[Prompt] Search the entries for the word "with" and return every line where it is found.

(Dataset entries)
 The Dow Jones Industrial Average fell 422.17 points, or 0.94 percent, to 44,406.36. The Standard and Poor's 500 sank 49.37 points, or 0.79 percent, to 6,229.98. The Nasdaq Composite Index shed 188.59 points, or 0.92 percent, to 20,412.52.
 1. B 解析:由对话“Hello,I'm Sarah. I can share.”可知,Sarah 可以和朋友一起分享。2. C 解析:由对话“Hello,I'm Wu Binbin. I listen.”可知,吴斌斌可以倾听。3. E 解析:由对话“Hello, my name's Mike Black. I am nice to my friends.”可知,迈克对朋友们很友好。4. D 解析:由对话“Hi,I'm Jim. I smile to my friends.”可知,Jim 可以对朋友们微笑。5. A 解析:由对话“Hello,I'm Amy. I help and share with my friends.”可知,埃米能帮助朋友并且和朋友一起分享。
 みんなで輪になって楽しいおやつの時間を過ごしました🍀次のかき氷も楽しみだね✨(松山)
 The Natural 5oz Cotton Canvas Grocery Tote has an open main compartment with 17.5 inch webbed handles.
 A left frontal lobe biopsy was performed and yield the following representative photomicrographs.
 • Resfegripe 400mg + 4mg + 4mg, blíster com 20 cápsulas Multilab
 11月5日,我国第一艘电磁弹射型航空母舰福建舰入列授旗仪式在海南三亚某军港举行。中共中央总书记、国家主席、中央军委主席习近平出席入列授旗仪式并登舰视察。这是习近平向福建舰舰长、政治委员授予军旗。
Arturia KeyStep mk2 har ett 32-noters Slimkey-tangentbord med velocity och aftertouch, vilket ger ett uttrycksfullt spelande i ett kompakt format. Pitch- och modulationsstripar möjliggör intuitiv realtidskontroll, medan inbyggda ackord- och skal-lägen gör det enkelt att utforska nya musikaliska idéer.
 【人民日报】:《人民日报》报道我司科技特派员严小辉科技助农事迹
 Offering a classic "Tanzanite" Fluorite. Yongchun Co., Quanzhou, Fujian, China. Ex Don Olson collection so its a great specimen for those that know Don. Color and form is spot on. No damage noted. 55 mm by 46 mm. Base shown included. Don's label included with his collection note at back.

[Solution]
 1. B 解析:由对话“Hello,I'm Sarah. I can share.”可知,Sarah 可以和朋友一起分享。2. C 解析:由对话“Hello,I'm Wu Binbin. I listen.”可知,吴斌斌可以倾听。3. E 解析:由对话“Hello, my name's Mike Black. I am nice to my friends.”可知,迈克对朋友们很友好。4. D 解析:由对话“Hi,I'm Jim. I smile to my friends.”可知,Jim 可以对朋友们微笑。5. A 解析:由对话“Hello,I'm Amy. I help and share with my friends.”可知,埃米能帮助朋友并且和朋友一起分享。
 The Natural 5oz Cotton Canvas Grocery Tote has an open main compartment with 17.5 inch webbed handles.
 Offering a classic "Tanzanite" Fluorite. Yongchun Co., Quanzhou, Fujian, China. Ex Don Olson collection so its a great specimen for those that know Don. Color and form is spot on. No damage noted. 55 mm by 46 mm. Base shown included. Don's label included with his collection note at back.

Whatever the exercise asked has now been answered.